# Show & Tell - Vinyl designs you have made



## insanedecals (Aug 17, 2011)

So I have had a look around and not found any thread in the Vinyl decal department where you get to show off your latest (or not so latest) designs and proud moments. 

So, thought I would start....

I do mainly vinyl decals which are going really well but decided today to try something different and unqiue and this is what I made... first ever attempt at something like this but I think they worked out well for my first try.

So first 3 are the silhouette pictures I had a play around with today..

4th picture is basic lettering for a business customer

Last is a logo for a Mechanic that I designed and installed.

So what new and interesting projects have you been up to lately?


----------



## Louie2010 (Feb 26, 2010)

Those silhouettes look fantastic. Is it possible to do that with CorelX4? I would love to try something like that. I would appreciate any tips on what steps you take in producing that.

Once again, awesome work.


----------



## maskman (Apr 2, 2011)

Love the silhouettes!! I may have to try it. Great work!


----------



## splathead (Dec 4, 2005)

Man, weeding but have been a pain in the @$$ on those pictures. How did you convert the pictures into a cuttable file?


----------



## insanedecals (Aug 17, 2011)

Thanks all for your comments 

I don't have Coreldraw and work with pretty simple programs. I used Paint.Net (free download) to alter the photos to prepare them for cut. I converted the photo into a pencil sketch, then converted the pencil sketch to a light oil painting (altered the levels to suit) and then levelled the darkness until I could see definite 'shadow lines' on the images.

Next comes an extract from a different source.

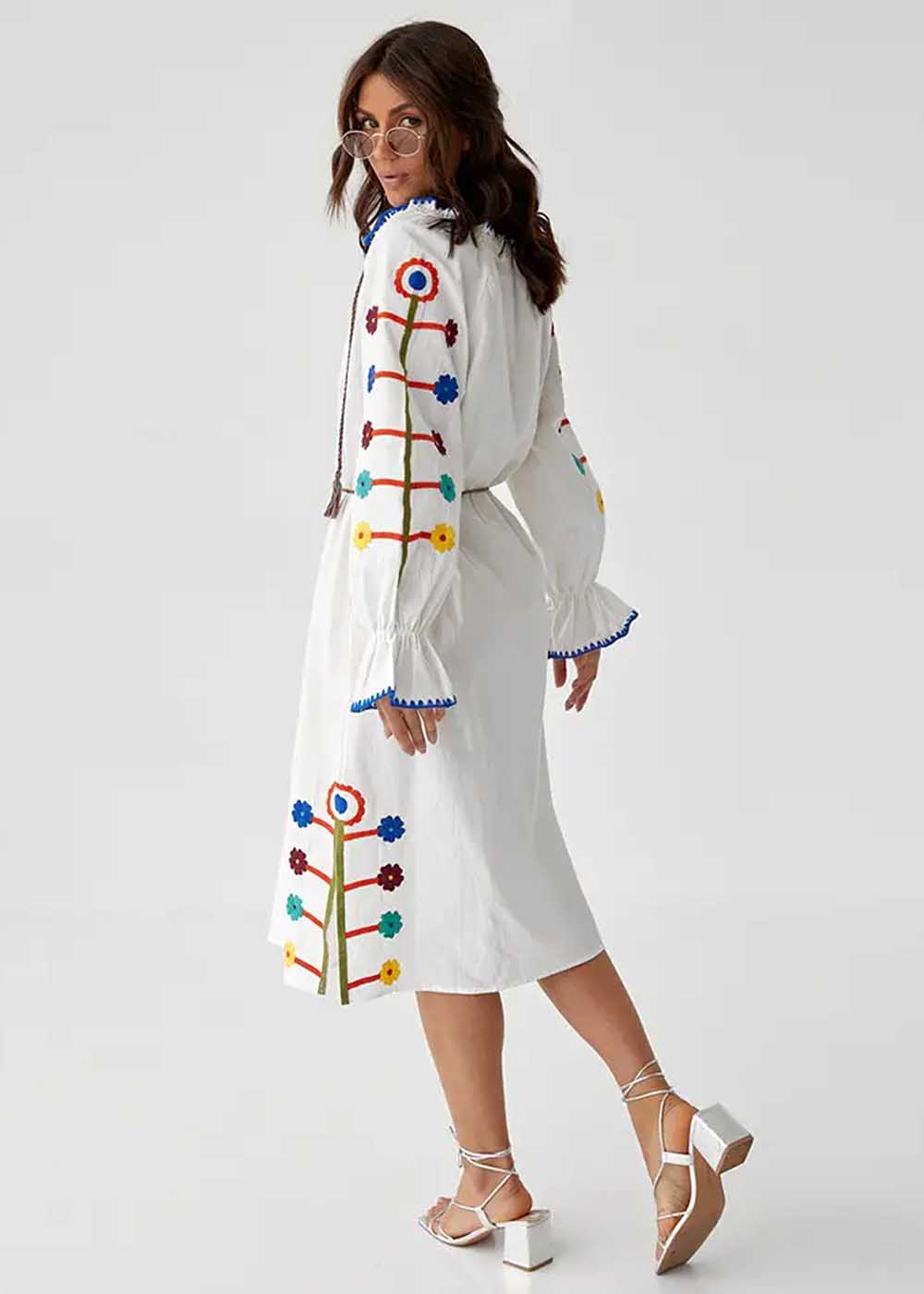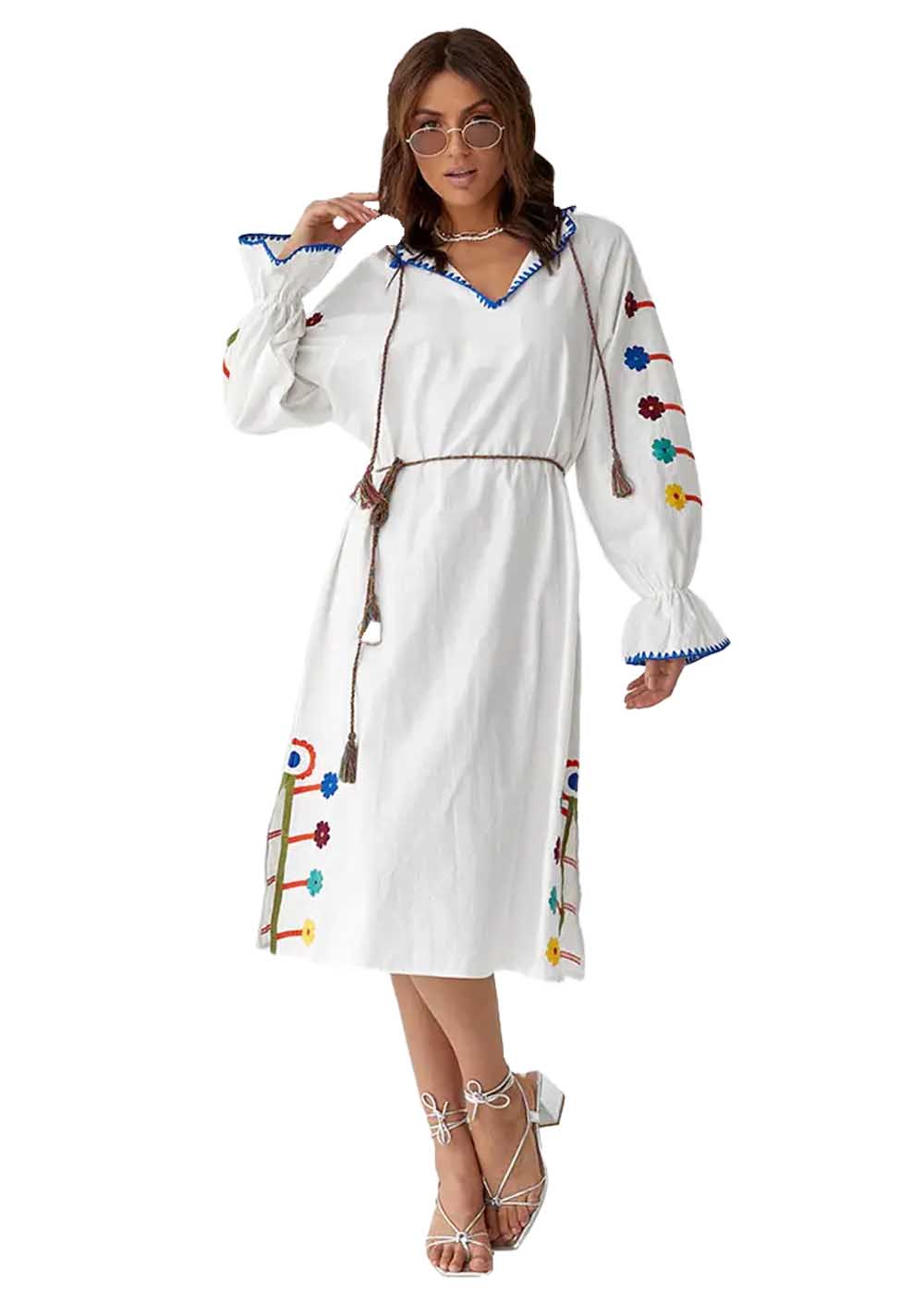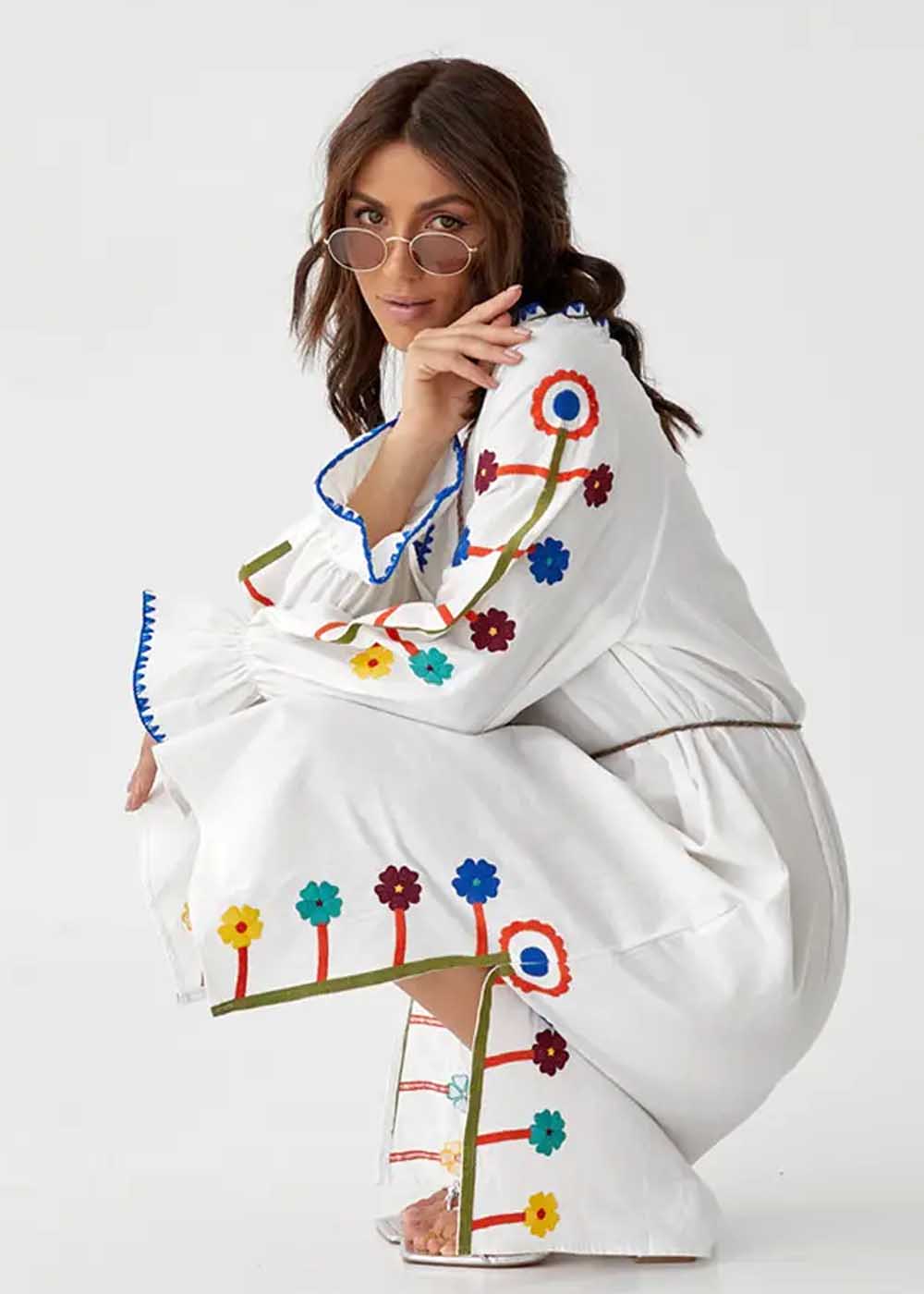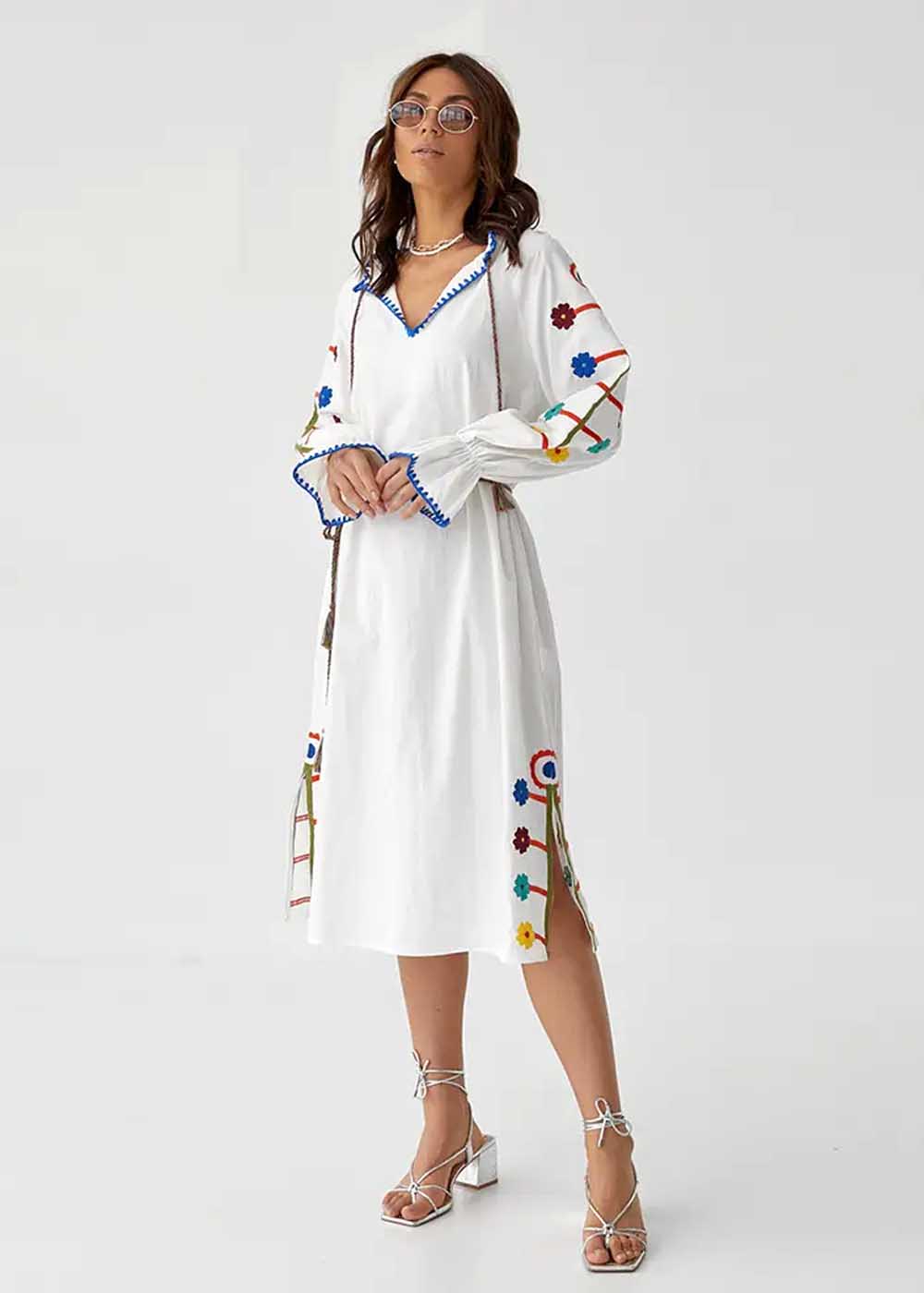 Вышитое платье Веснянка – белоснежное платье с изысканными разрезами внизу, украшенное орнаментами по бокам внизу и на рукавах. Детали придают платью уникальный шарм и подчеркивают утонченность.

I don't have fancy cutting software either and use Make The Cut (easy to use and has the layout that I like - can do all sorts, shadows, conical & bezier warps, convert images to Rhinestone designs and allows you to trace any image into it to cut using pixel trace, it does everything the expensive cut programs do and was cheap at US $58.36) It is an AMAZING program to use and I highly recommend it - check it out at Make the Cut!™ - Offical Website - Greatest cutter software yet created!

It has a feature that when you import a trace it allows you to alter the image before importing (de-speckles the image, only traces dark lines/light lines/certain colours etc) and allows re-sampling of the image to get more or less definition. 

And then the silhouette image was born. I have a MH1351 US Cutter and took about 5-10 minutes to weed the designs as you see them....

A great add on for T-shirt businesses - people can take in their pictures and personalise T-shirts - could be used for people that have passed by scanning old photos or even used to create your own clip art - the uses are endless for this type of thing  

Any image can be converted - animal/person/building/flower...


----------



## allhamps (Mar 15, 2007)

I agree with the others. Absolutely awesome job. Something I never considered, but definitely have to try


----------



## jimmy31 (Feb 8, 2011)

Louie2010 said:


> Those silhouettes look fantastic. Is it possible to do that with CorelX4? I would love to try something like that. I would appreciate any tips on what steps you take in producing that.
> 
> Once again, awesome work.


May look at the free corel draw training videos on youtube. they have a great video on creating pop art effects.
[media]http://www.youtube.com/watch?v=Hsqbk2AlT0I[/media]
Great work insanedecals.


----------



## moxiedesignz (Nov 11, 2011)

That's amazing work. Never thought something that detailed can cut. 

How do I save this thread as a favorite? Im not ready to get to this level yet, but one day. Im still trying to cut the sons of anarchy logo, but have had no success.


----------



## redlinecol (Jul 13, 2011)

here's a few I regularly cut..


----------



## Thyezer (Apr 30, 2007)

Here are a few of the designs I have done:


----------



## insanedecals (Aug 17, 2011)

Thyezer said:


> Here are a few of the designs I have done:


I'm loving the wrap around style pics on your T's -the fish is great, awesome job! Great work!!


----------



## insanedecals (Aug 17, 2011)

redlinecol said:


> here's a few I regularly cut..


Nice clean designs, they look great!


----------



## CreativiTEES (Sep 1, 2010)

Thyezer said:


> Here are a few of the designs I have done:


Wow these are nice, what program and cutter do you use? I like the 3m on the on shirt it looks good. I use vinyl but just one color I knew you could do multiple colors but I've never seen them like that.


----------



## Thyezer (Apr 30, 2007)

CreativiTEES said:


> Wow these are nice, what program and cutter do you use? I like the 3m on the on shirt it looks good. I use vinyl but just one color I knew you could do multiple colors but I've never seen them like that.


Thanks for all the compliments! 

I use CorelDraw with a Roland GX-24. 

Here are a few more: (Last one was for my daughters Balsa Wood Race Car)


[media]http://i944.photobucket.com/albums/ad287/thyezer/ChristmasShirts.jpg[/media][media]http://i944.photobucket.com/albums/ad287/thyezer/SweatshirtWhiteGraffiti.png[/media][media]http://i944.photobucket.com/albums/ad287/thyezer/BHSFootball2009-Copy.png[/media][media]http://i944.photobucket.com/albums/ad287/thyezer/PA094075-1.jpg[/media]


----------



## jimmy31 (Feb 8, 2011)

Some of my recent jobs.

Good work Thyezer.


----------



## insanedecals (Aug 17, 2011)

jimmy31 said:


> Some of my recent jobs.
> .


Your Tees look great! Nice designs!


----------